Additionally, it demanded a freeze by U.N. member states or all “funds, other financial assets and economic resources” that could be used in the mass destruction-related programs.

CLICK HERE FOR RESOLUTION 1718

A subsequent Security Council resolution, 2270, in 2016 broadened things by declaring that “economic resources” referred to in Resolution 1718 “includes assets of every kind, whether tangible or intangible, movable or immovable, accrual or potential, which potentially may be used to obtain funds, goods or services” by DPRK.

This may open up another controversial aspect of the cyanide patent application, since, along with its mass-destructive uses, the chemical is considered the most common agent in the extraction of gold from ores and concentrates.

Further, according to the North Korean application to WIPO, the new process it wants to make ready for international patenting is a lower-cost process that produces ultra-high-grade product.
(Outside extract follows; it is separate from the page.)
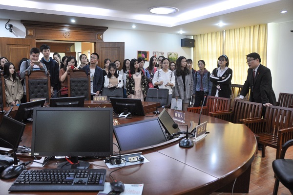首先,在秀英法院朱少江副院长的带领下同学们参观了一楼立案大厅作为诉讼服务中心的职能。 少年法庭的陈斌庭长为同学们一一介绍少年法庭的审判区、羁押区和会见区。其中特别介绍最具有特色的审判区,审判区有别于普通民刑审判庭,为“圆桌审判”,而非控辩双方“对峙审判”。被告人、法定代理人、公诉人、审判长等人围坐一桌,主要是为了营造和谐的庭审氛围,消除未成年被告人的恐惧和抵触心理,促使其顺利接受量刑和教育改造。

CLICK HERE FOR THE PROCESS APPLICATION DESCRIPTION

In WIPO’s response to Fox News, the agency’s spokesperson emphasized that “WIPO is not a patent-granting authority. Its role in handling these applications is to ensure that they conform to the procedural requirements” of the 152-member Patent Cooperation Treaty, or PCT, “and to publish them in accordance with the provisions of the treaty.” North Korea is a PCT signatory.

Translation: WIPO is merely a neutral, technical pass-through mechanism. As the spokesperson put it: “The decisions concerning whether or not to ultimately grant the patent are the sole purview of each jurisdiction where protection is being sought, in accordance with national law.”
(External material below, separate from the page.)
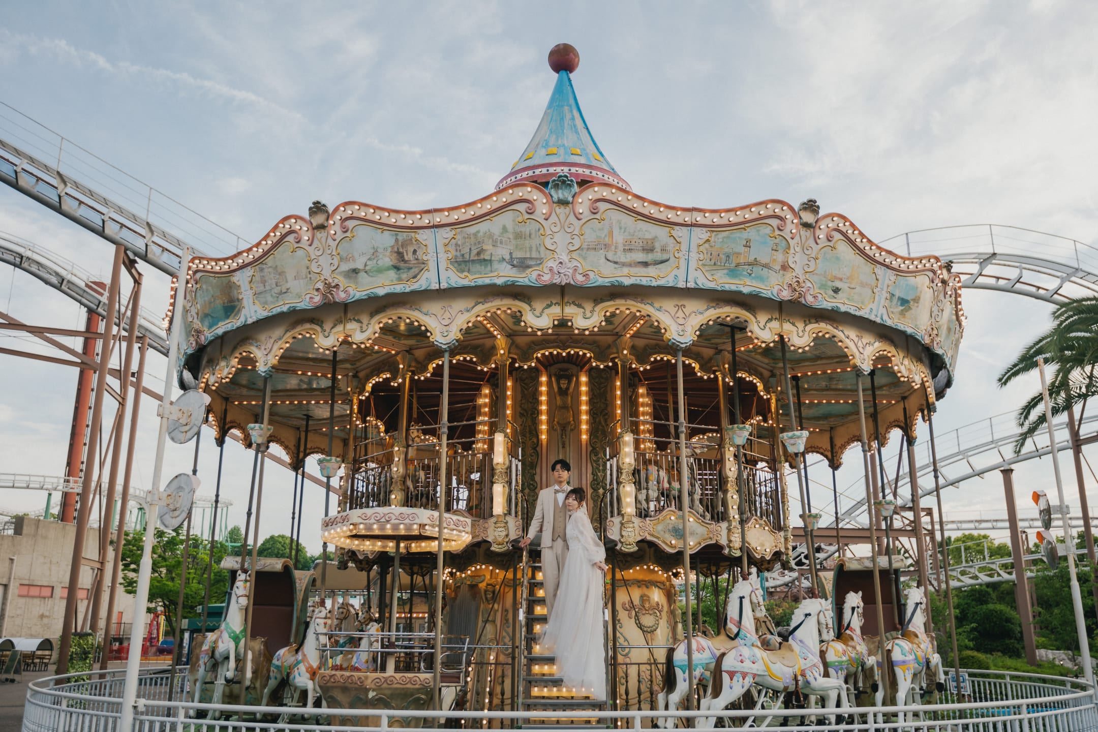 Osaka Castle, an iconic landmark of Osaka, provides a powerful backdrop with its imposing stone walls and majestic main keep. The historic grandeur combined with the expansive greenery of the surrounding park enables dynamic and visually striking pre-wedding photography.

While that may be true, it is also true, according to the WIPO website, that the U.N. agency gives those who use its services a lot of financially meaningful help.

That starts with the fact that by filing an international filing application with the agency, you have to pay only one fee rather than more than 150 to get an application acceptable in all PCT countries (which include the U.S. as one of the treaty’s biggest users).
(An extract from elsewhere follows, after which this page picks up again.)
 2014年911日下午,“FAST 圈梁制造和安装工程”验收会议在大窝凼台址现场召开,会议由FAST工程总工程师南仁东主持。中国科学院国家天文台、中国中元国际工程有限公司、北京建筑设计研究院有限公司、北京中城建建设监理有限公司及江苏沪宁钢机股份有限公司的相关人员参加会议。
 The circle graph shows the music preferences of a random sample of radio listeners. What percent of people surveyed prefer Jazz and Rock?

WIPO also provides one-stop research on whether a patent overlaps with those elsewhere, and offers the possibility of widespread dissemination and publicity — i.e., stimulating demand, and thus at least the potential for sanctions-breaking in any subsequent licensing the North Korean patent.

Igniting controversy has been a characteristic of Director General Gurry’s reign — indeed, even before he first took WIPO’s top executive office in 2008.

In 2015, the U.N.’s watchdog Office of Internal Oversight Services (OIOS) was asked by WIPO’s own General Assembly chair to investigate Gurry for allegedly ordering, in 2008, break-ins of the offices of staffers to seek DNA evidence that they wrote anonymous letters against him. Gurry was WIPO’s No. 2 at the time.

A year later, after much byzantine maneuvering, a heavily redacted version of the report declared that “while there were indications that Mr. Gurry had a direct interest in the outcome of the DNA analysis, there is no evidence that he was involved in the taking of DNA samples.”

But the same document also found that Gurry had bent the organization’s rules and steered a sensitive cyber-security contract to a business acquaintance, , something alleged by one of Gurry’s former top deputies, James Pooley.

Under Gurry, WIPO also has been the only U.N. agency ever sanctioned by the U.S. State Department, on the grounds that it failed to adopt “best practices” in ethics and whistle-blower standards — a punishment first meted out by the pro-U.N. Obama administration in September 2015.

Among the whistle-blowers who say they were forced to leave WIPO during Gurry’s tenure for drawing attention to the agency’s previous computer shipments to North Korea is Miranda Brown, formerly Gurry’s senior strategic advisor.

Brown has repeatedly asked for her reinstatement at the WIPO, and just as often has been turned down by Gurry’s office.